Friday, September 2, 2011

Greece's debt spiraling out of control - report


Athens - Greece's finance minister found himself on the defensive Thursday after an independent watchdog released an internal report warning that his country's debt was out of control and is likely to miss its budget targets in 2011 just as officials held crucial talks with international creditors.
The newly created committee, known as the State Budget Office and which is independent of the government, warned that the country's primary deficit is increasing and has already exceeded the annual target in the first seven months of the year.
'It must be noted that the primary deficit for the first seven months of the year is significantly higher than the figure projected for the entire year, 1.7 per cent of GDP,' the report published in the Greek daily Kathimerini newspaper said.

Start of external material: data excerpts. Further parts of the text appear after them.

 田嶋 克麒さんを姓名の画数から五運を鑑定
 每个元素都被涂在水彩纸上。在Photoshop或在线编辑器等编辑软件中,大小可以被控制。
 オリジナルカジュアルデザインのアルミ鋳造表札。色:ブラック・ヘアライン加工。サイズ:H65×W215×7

The report warned that even if the Greek government fully implements austerity measures in 2011 it still would 'not fully offset the slippage in budget targets.'
The warning came as top-ranking officials from the European Union and International Monetary Fund (IMF) are currently in Athens to review the debt-ridden country's austerity programme before deciding whether to release a new batch of rescue loans totaling 8 billion euros next month.

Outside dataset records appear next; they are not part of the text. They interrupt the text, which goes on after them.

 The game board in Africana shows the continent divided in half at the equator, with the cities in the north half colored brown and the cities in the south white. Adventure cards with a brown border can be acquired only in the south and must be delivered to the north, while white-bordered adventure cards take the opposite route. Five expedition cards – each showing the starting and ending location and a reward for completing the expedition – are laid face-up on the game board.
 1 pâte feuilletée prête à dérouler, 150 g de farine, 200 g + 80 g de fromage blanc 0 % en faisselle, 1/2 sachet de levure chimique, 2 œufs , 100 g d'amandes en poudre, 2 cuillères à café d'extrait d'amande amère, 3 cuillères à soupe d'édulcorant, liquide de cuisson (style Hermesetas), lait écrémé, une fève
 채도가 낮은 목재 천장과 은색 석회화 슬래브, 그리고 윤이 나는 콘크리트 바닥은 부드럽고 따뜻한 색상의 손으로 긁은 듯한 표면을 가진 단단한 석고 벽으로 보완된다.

'All responsible international organizations know in which way macroeconomic and fiscal reports are compiled, checked and published,' Finance Minister Evangelos Venizelos said in a statement.
'It is still clear that the budget office still lacks this knowledge, experience and responsibility,' the minister said.
Greece is in the midst of a major financial crisis and has avoided bankruptcy only after receiving two successive international bailouts worth a total of 220 billion euros.
The latest loan was sealed on July 21 just as the news that the economy is expected to shrink by more than 4.5 per cent in 2011, while the budget deficit is seen narrowing to 7.6 per cent of GDP from 10.5 per cent last year.
The Socialist government has agreed to a wave of austerity measures, which include tax increases and salary cuts, in exchange for the emergency funding.
'It is clear that the country's problem is not just the size of the public debt but the inability to consolidate the current fiscal management. Despite gigantic effort for fiscal adjustment, no primary surplus has been achieved. On the contrary, the primary deficit is widening,' the committee said.
The committee urged increased efforts to fight tax evasion and reduce the primary deficit in light of an even worse than expected recession.
'The widening of the deficit is associated with worrying fiscal developments, particularly delays in implementing the adjustment programme, and the limited efficiency of revenue collection mechanisms,' the report said.
Greece has committed to cutting its massive budget deficit from 15.4 per cent of GDP to below the EU limit of 3 per cent in 2014, and achieving a primary surplus next year.
Venizelos said he is currently discussing with visiting EU/IMF inspectors measures for stemming the recession, but insisted that Greece would not seek additional time from its creditors to reach its target.
News reports said EU/IMF officials are urging the Greek government to move faster on implementing an across-the-board wage structure for public sector employees and slashing public spending.
EU and IMF officials, who are meeting with officials from the finance and labor ministries, showed no willingness to renegotiate the deadlines to which the government has committed itself, reports said.
The inspectors, who are also to discuss other issues - including tax evasion - with the Greek finance minister, are to wrap up their meetings by September 5.